# I think my dog wants me to change his kibble now...



## Tiffany (Feb 13, 2014)

My puppy was being fed by me as well from the breeder for over a month Nutro Ultra which he never seemed to go gaga over when it was food time. I did do the 15 minute rule which worked but it would leave him missing at least one of his meals a day. He usually doesn't eat the specified amount on the bag. He's going on 9 pounds at 15 weeks so he should be eating about 1 1/4 of a cup a day and he barely eats 3/4 we do you training treats occasionally but they're Zukes and pretty tiny.

Anyway I felt that he was telling me like hey this sucks, even though he's never had anything else except this ONE time, when I was at my boyfriends house whose parents feed their dog blue life source and he gobbled that up so quickly I didn't get a chance to think...

Right now I'm weening him off of Nutro Ultra to Blue Grain Free Puppy Formula. Basically he's not even eating his old kibble anymore he eats every single bite from the new one, I see him scavenging in the bowl and leaves all the Nutro. No bathroom issues yet but I wonder if I still ween it's been about 3 days of this and I feel like it's a waste of time. 

I just want my puppy to eat lol 


Sent from Petguide.com Free App


----------



## patk (Jun 13, 2013)

no problems with the changeover? then get rid of the nutro. some dogs make transitions re food without any real issues. others have them, which is why in general a transitional period is advised. your pup must be one of the lucky ones. good for you and for him!


----------



## SilverSpoo (Jan 15, 2014)

It may be because it is new right now, too. If he isn't having any diarrhea then I would forget about the old food.

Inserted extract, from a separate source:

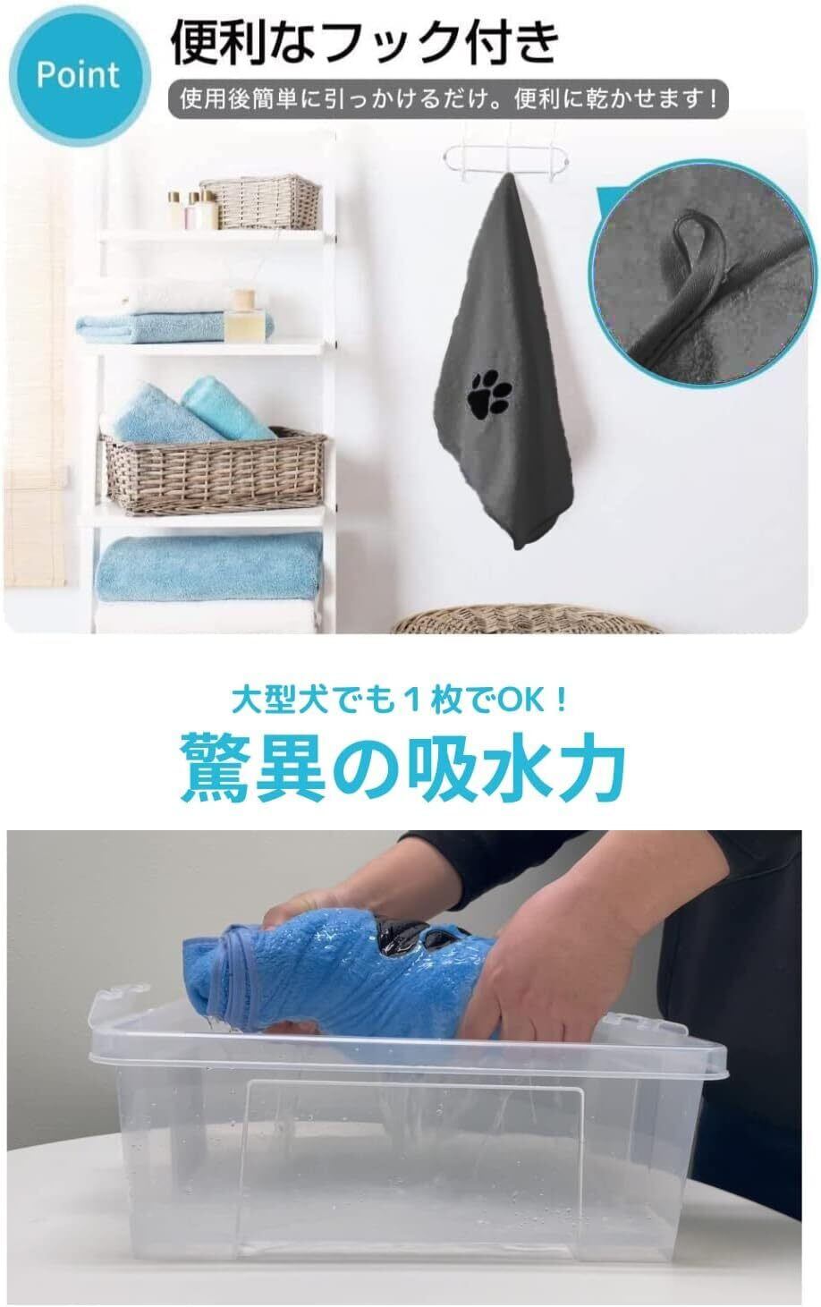 【2枚セットでお得&洗い替えに便利】 毎日使うペットタオルだからこそ、洗い替えに便利な2枚組。小型犬から大型犬、猫まで幅広いペットに対応し、シャンプー後や散歩帰りの体拭きにも活躍。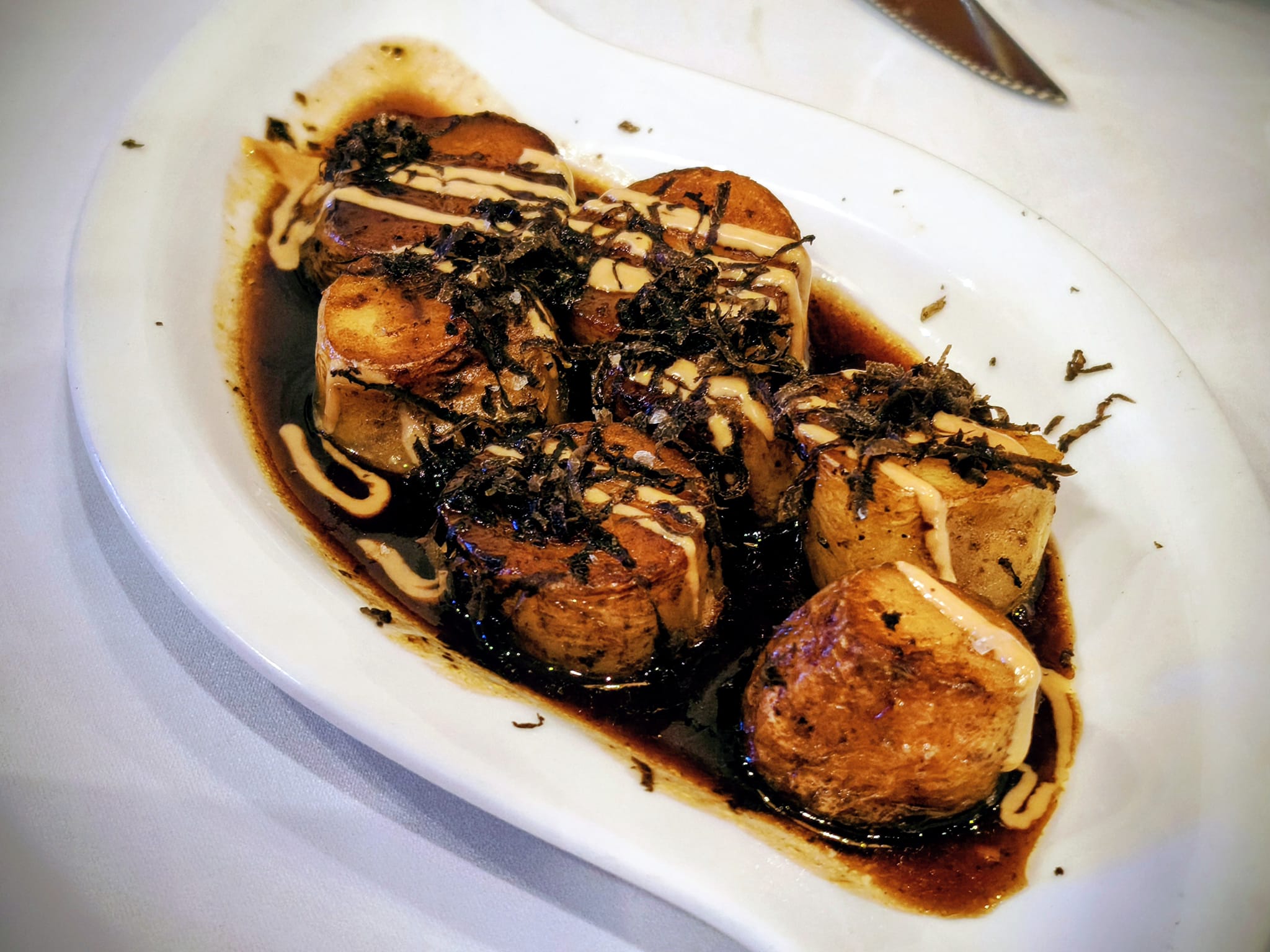 A medida que avanzaba el menú, la cocina empezó a mostrar su verdadera profundidad. Las patatas ratte, con su forma irregular y textura particular, llegaron acompañadas de jugo de carne y trufa, elevando un producto humilde a un nivel inesperado.

My poodle is fussy and will gobble down a new food for a few days and get me all excited that I finally found something she likes. Then once the novelty wears off she will start skipping meals again. Hopefully that doesn't happen to you!


----------



## Wild Kitten (Mar 13, 2014)

SilverSpoo said:


> My poodle is fussy and will gobble down a new food for a few days and get me all excited that I finally found something she likes. Then once the novelty wears off she will start skipping meals again.


haha, same here, she pretends to like something so I think, yeah! and buy a pack and that's when she change her mind...... then I end up with bags of food :banghead:

Then I got to try to rotate them so it feels like new again


----------